** Opening Dataset content block **

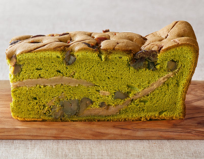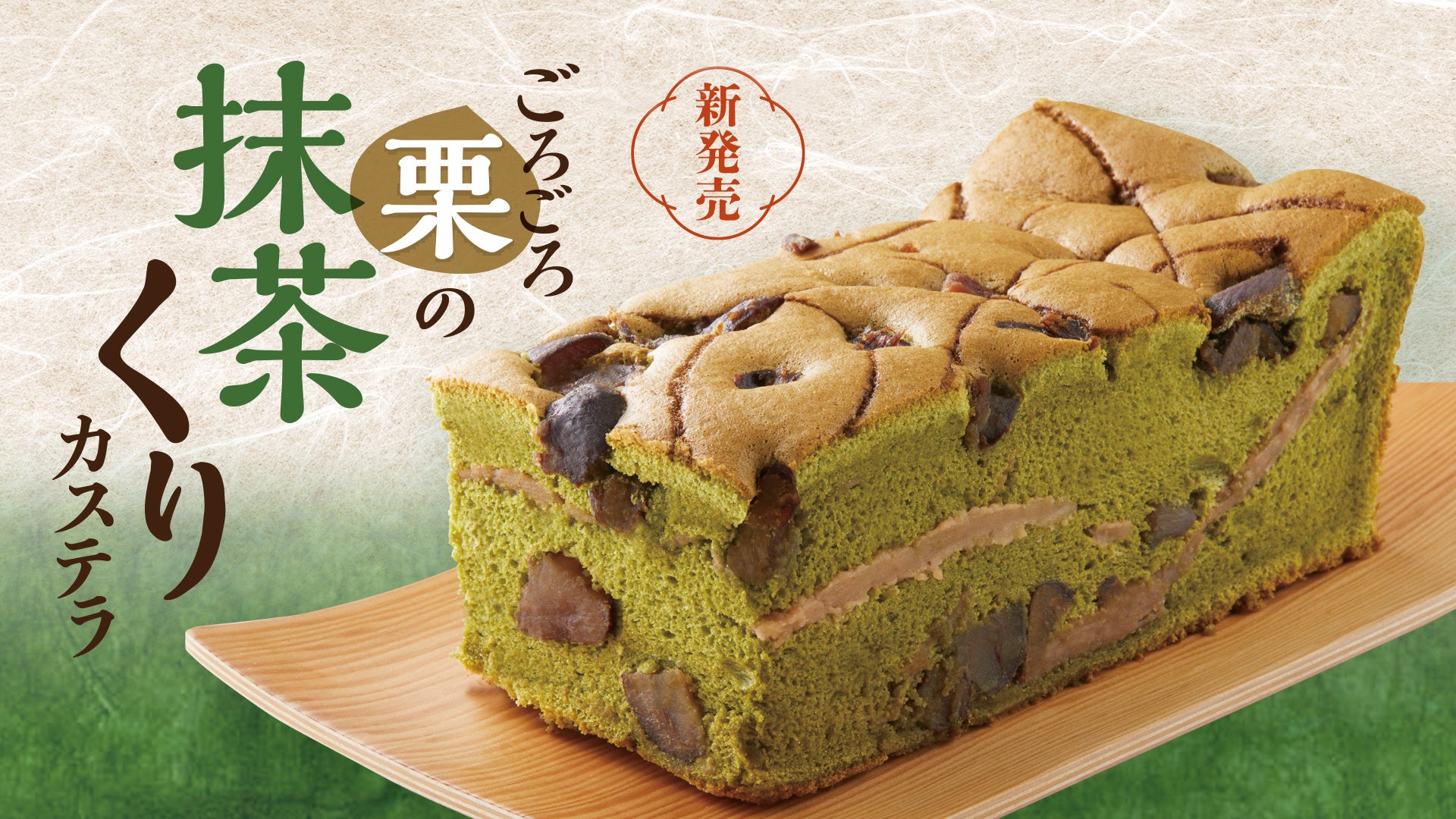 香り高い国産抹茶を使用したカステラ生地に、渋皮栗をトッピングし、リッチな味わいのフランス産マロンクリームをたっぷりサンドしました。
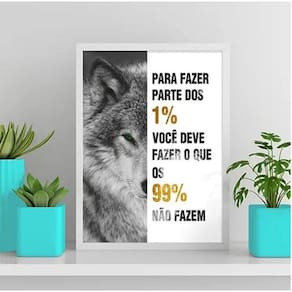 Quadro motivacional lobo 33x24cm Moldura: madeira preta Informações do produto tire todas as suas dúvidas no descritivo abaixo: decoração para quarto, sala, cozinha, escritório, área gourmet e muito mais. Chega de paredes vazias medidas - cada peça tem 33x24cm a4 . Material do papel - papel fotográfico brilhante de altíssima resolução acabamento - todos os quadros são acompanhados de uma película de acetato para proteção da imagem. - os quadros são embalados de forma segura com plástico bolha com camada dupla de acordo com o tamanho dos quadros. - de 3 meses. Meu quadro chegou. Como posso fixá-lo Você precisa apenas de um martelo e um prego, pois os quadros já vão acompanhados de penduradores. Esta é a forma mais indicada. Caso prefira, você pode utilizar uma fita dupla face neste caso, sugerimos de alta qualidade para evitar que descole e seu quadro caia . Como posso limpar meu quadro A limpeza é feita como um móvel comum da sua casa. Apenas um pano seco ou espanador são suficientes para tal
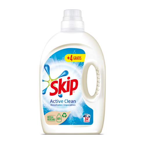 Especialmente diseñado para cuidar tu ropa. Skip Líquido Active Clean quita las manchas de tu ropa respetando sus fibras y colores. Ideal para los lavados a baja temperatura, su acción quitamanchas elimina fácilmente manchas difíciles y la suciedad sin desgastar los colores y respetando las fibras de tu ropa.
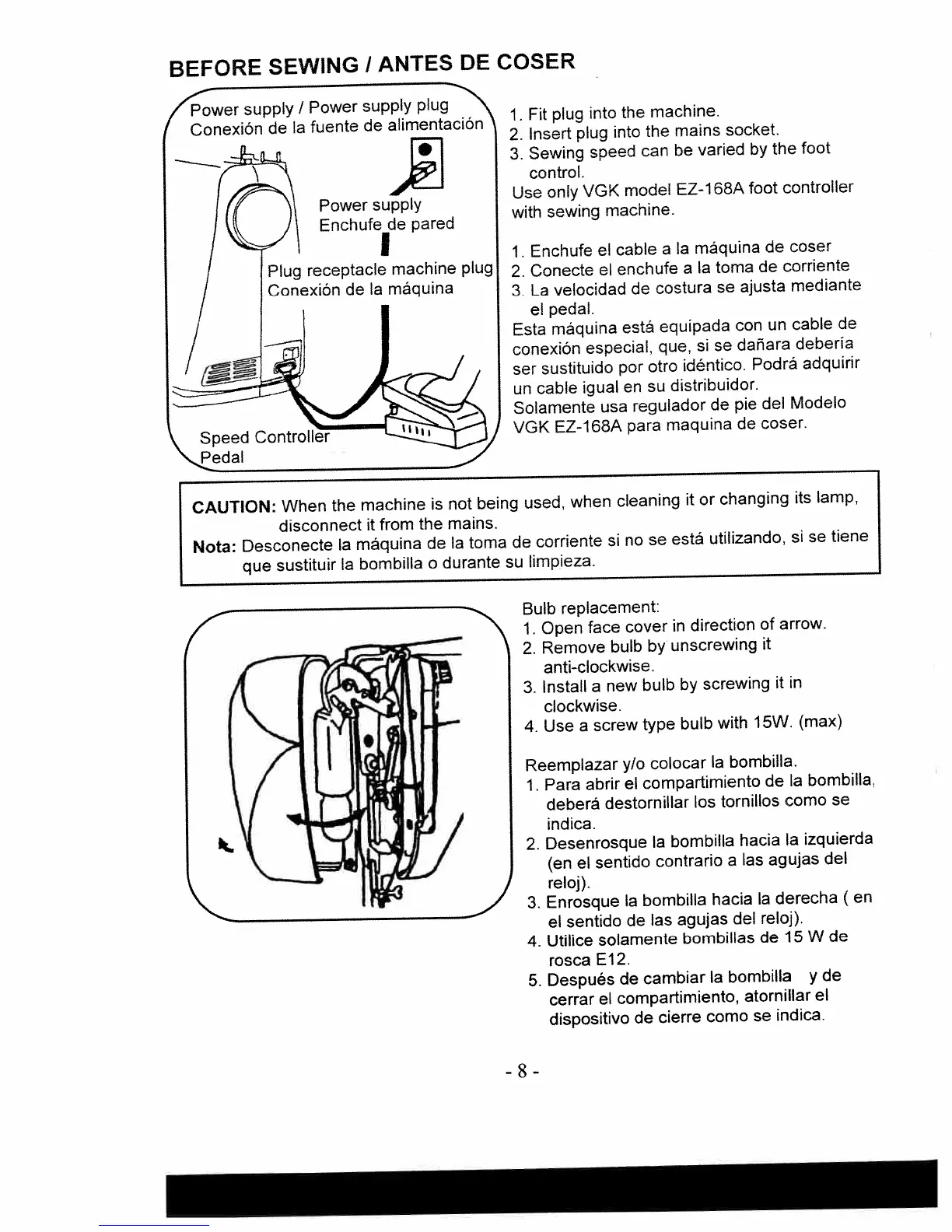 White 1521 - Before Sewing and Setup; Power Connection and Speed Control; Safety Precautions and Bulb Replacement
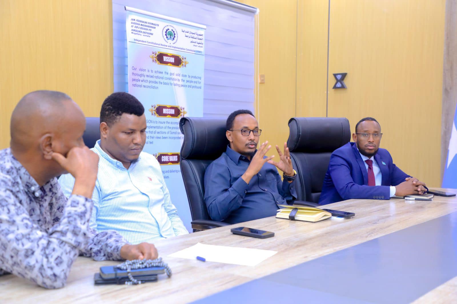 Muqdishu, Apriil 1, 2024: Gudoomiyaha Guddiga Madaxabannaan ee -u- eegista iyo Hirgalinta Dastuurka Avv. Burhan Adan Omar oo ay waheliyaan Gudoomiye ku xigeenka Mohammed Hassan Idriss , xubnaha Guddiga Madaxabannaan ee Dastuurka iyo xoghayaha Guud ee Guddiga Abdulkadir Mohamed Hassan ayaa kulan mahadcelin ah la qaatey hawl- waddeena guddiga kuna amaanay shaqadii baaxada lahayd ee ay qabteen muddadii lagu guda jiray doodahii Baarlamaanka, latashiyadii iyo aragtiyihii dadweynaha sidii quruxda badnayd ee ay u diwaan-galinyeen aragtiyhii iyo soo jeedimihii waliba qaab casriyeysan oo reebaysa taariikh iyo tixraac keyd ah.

** Closing Dataset content block **
** Opening Dataset content block **

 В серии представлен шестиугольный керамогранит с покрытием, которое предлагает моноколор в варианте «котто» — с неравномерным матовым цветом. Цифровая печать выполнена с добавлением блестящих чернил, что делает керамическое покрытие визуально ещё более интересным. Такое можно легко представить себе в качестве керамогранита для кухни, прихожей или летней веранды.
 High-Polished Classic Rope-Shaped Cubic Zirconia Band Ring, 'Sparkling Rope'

** Closing Dataset content block **
** Opening Dataset content block **

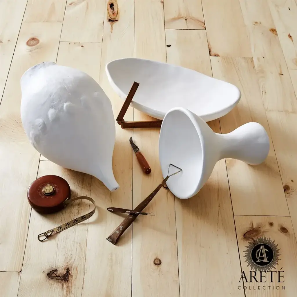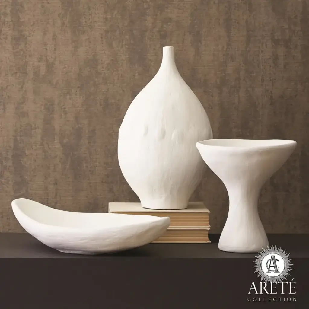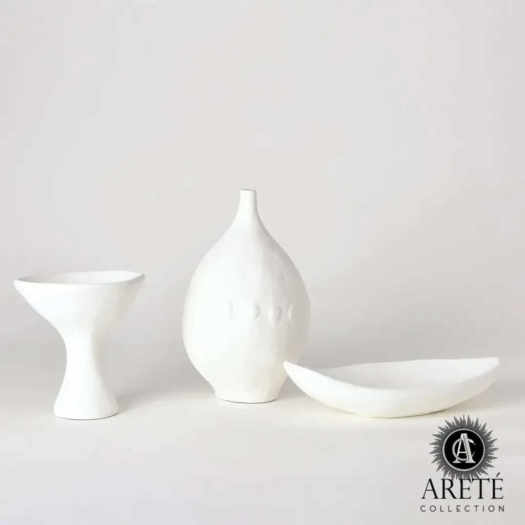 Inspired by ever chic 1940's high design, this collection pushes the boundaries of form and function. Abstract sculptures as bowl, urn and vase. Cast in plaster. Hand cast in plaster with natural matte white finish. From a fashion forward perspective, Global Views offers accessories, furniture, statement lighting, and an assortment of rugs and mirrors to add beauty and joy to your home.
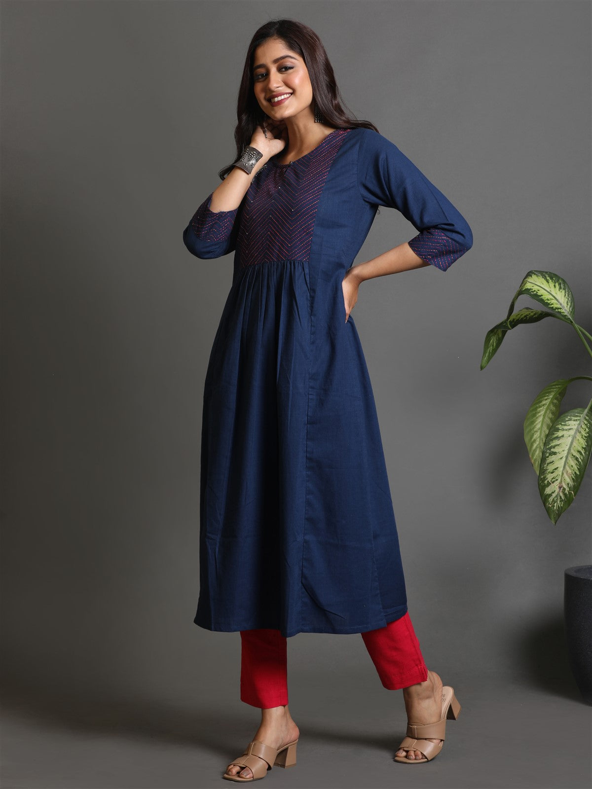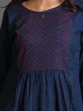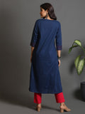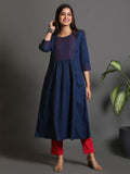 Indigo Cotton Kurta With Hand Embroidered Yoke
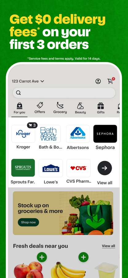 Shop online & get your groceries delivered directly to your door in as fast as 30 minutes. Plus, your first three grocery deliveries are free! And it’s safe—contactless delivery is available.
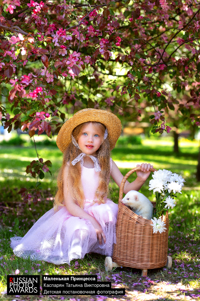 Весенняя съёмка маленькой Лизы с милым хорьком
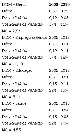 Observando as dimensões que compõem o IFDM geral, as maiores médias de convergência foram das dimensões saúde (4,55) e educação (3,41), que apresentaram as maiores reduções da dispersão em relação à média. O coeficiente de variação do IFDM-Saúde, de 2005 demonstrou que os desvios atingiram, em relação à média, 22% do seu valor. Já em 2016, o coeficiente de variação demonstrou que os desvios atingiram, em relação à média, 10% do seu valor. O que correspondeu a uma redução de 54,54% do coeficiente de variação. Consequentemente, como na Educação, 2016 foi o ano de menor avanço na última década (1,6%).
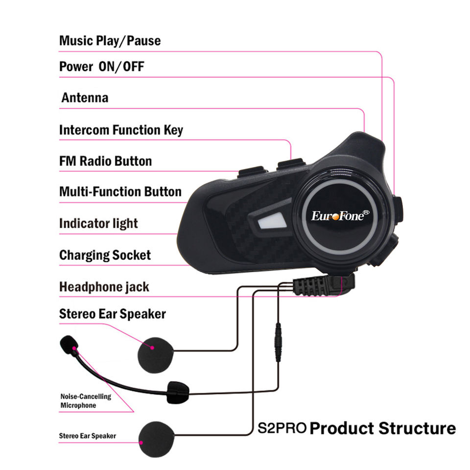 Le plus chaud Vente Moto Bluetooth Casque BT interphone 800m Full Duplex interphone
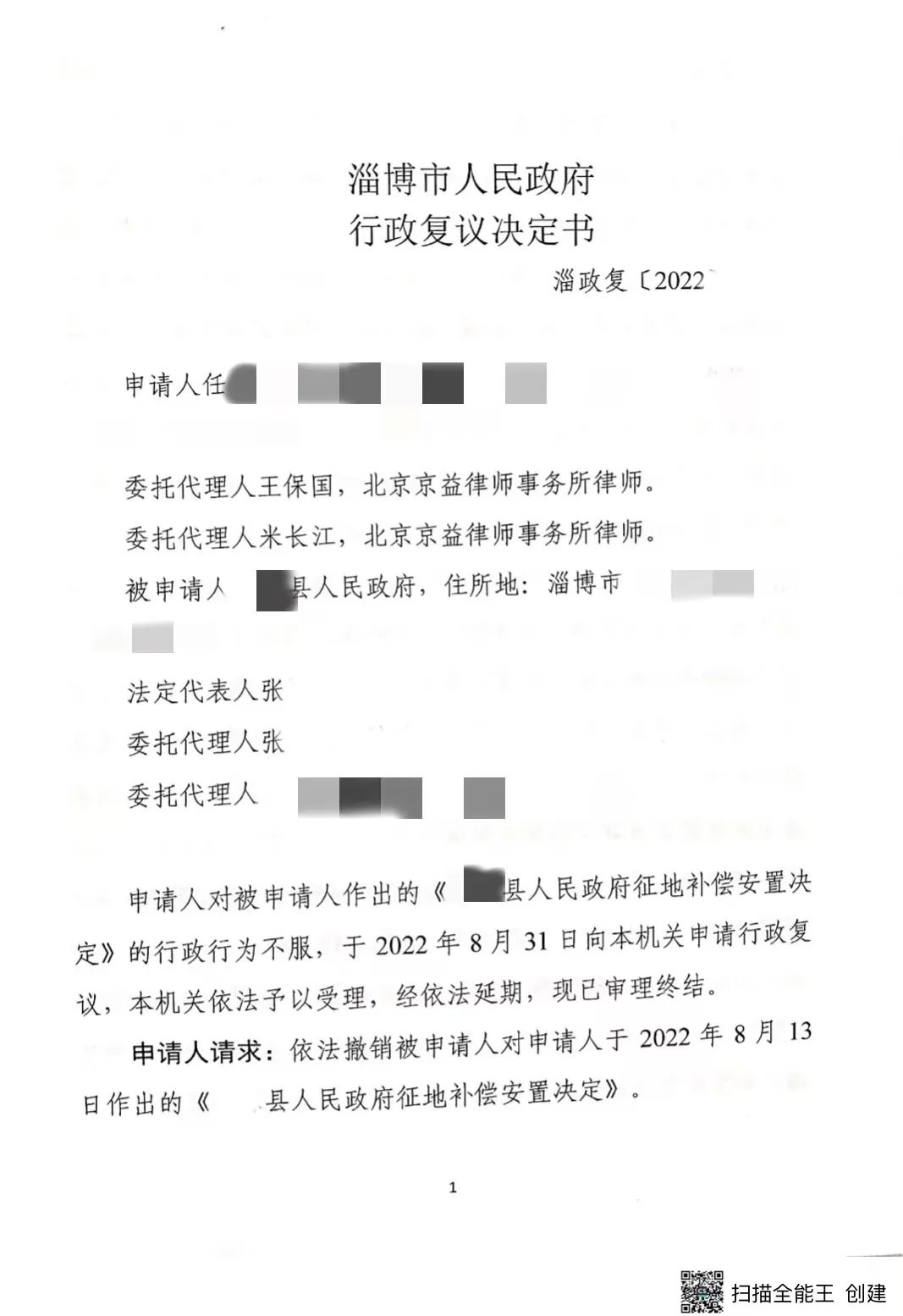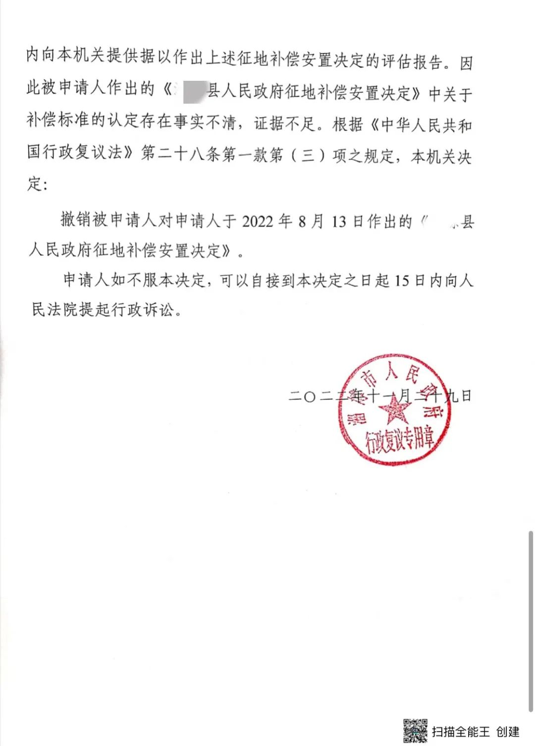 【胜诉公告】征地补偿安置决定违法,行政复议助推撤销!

** Closing Dataset content block **

_Exercise prompt:_ Although the records hold pictures, the copy must not; give again exactly the lines from the one with "香り高い国産抹茶を使用したカ" through the one with "Especialmente diseñado para".

_Solution for this exercise:_
 香り高い国産抹茶を使用したカステラ生地に、渋皮栗をトッピングし、リッチな味わいのフランス産マロンクリームをたっぷりサンドしました。
 Quadro motivacional lobo 33x24cm Moldura: madeira preta Informações do produto tire todas as suas dúvidas no descritivo abaixo: decoração para quarto, sala, cozinha, escritório, área gourmet e muito mais. Chega de paredes vazias medidas - cada peça tem 33x24cm a4 . Material do papel - papel fotográfico brilhante de altíssima resolução acabamento - todos os quadros são acompanhados de uma película de acetato para proteção da imagem. - os quadros são embalados de forma segura com plástico bolha com camada dupla de acordo com o tamanho dos quadros. - de 3 meses. Meu quadro chegou. Como posso fixá-lo Você precisa apenas de um martelo e um prego, pois os quadros já vão acompanhados de penduradores. Esta é a forma mais indicada. Caso prefira, você pode utilizar uma fita dupla face neste caso, sugerimos de alta qualidade para evitar que descole e seu quadro caia . Como posso limpar meu quadro A limpeza é feita como um móvel comum da sua casa. Apenas um pano seco ou espanador são suficientes para tal
 Especialmente diseñado para cuidar tu ropa. Skip Líquido Active Clean quita las manchas de tu ropa respetando sus fibras y colores. Ideal para los lavados a baja temperatura, su acción quitamanchas elimina fácilmente manchas difíciles y la suciedad sin desgastar los colores y respetando las fibras de tu ropa.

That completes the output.